- Born: John Hugh Watson 10 August 1914
- Died: 24 August 2007 (aged 93)

Education
- Alma mater: King's College, Cambridge

Philosophical work
- School: English School
- Institutions: University of Virginia Australian National University
- Main interests: international relations

= Adam Watson =

British International relations theorist and researcher

John Hugh "Adam" Watson (10 August 1914 - 24 August 2007) was a British International relations theorist and researcher. Alongside Hedley Bull, Martin Wight, Herbert Butterfield, and others, he was one of the founding members of the English school of international relations theory.

==Biography==
He was born John Hugh Watson and educated at Rugby and King's College, Cambridge. As an undergraduate at Cambridge, where he read History, Watson was taught by Herbert Butterfield (later Sir Herbert, and Regius Professor of History). After a period of travel in central Europe in the late 1930s, he joined the British Diplomatic Service in 1937, taking the nickname Adam "after noticing that every head in the Foreign Office seemed to turn when someone asked for John". During the Second World War he acted as a liaison with the Free French in Cairo, played an unknown role in the Balkans, based in Bucharest, and was finally posted to Moscow, where he witnessed the victory celebrations of 1945, standing alongside the Soviet Politburo and where he remained for the next four years.

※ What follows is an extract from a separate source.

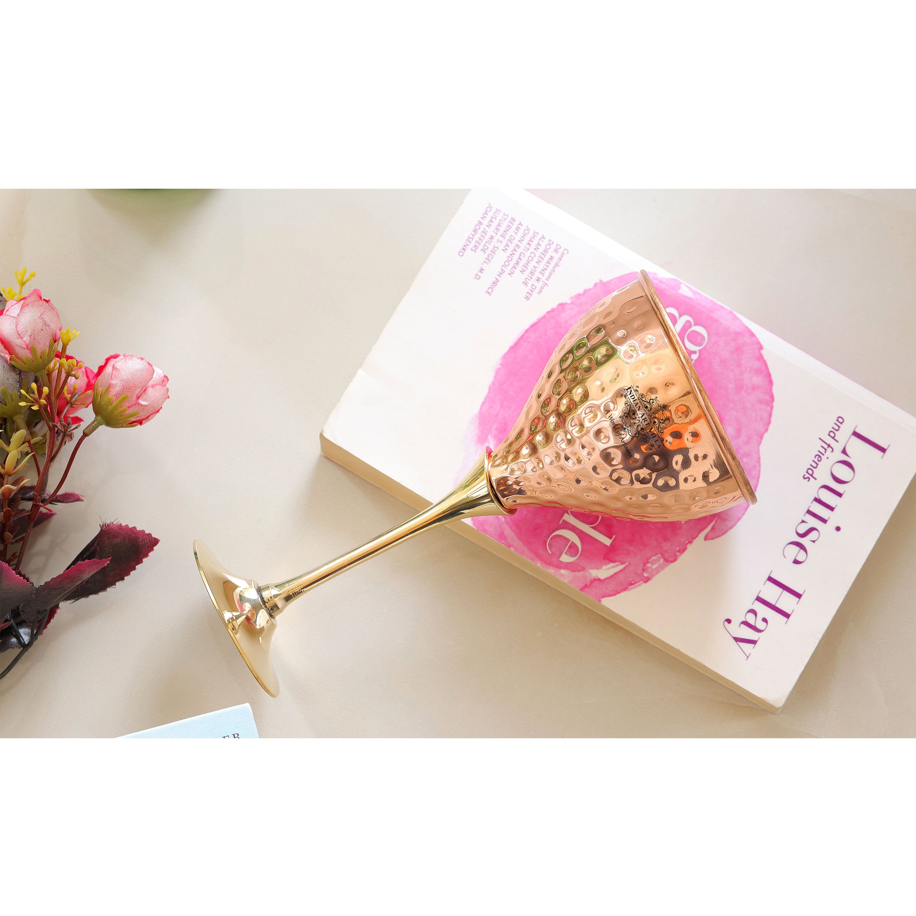 Indian Art Villa Pure Copper Hammered Wine Glass with Brass Stand 11 Oz
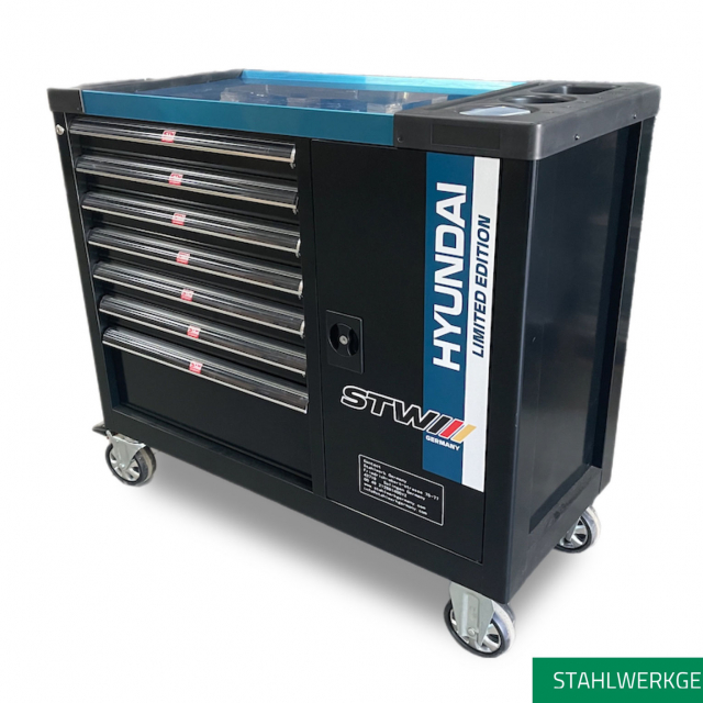 This STWXL workshop trolley has 7 ball-bearing drawers, 6 of which are filled with 295-piece tools.

In 1949 Watson joined the Foreign Office's new Information Research Department (IRD), which the historian Richard Aldrich has described as a 'covert political warfare section', as successor to the Political Warfare Executive (PWE) that had operated during the Second World War. A key figure in this organisation, he was first assistant to its Head, Ralph Murray, with the job of recruiting 'left-of-centre intellectuals' for the production of anti-communist 'grey' propaganda, and was later posted to Washington. In the USA he served as Britain's 'psywar [psychological warfare] liaison officer' (Aldrich) in Washington between 1950 and sometime in the mid-1950s, before becoming Head of the African Department of the Foreign Office during the Suez Crisis of 1956. He served as Her Majesty's Ambassador to Mali (1960–61), Senegal, Mauritania and Togo (1960–62), and finally Cuba (1962–66). He returned to London in 1966 to spend two years as Assistant Under-Secretary of State at the Foreign Office before retiring early. After a period with British Leyland in the late 1960s, he entered academia, first at the Australian National University, at the invitation of Hedley Bull, and then in the United States, where he was Professor of International Studies at the University of Virginia.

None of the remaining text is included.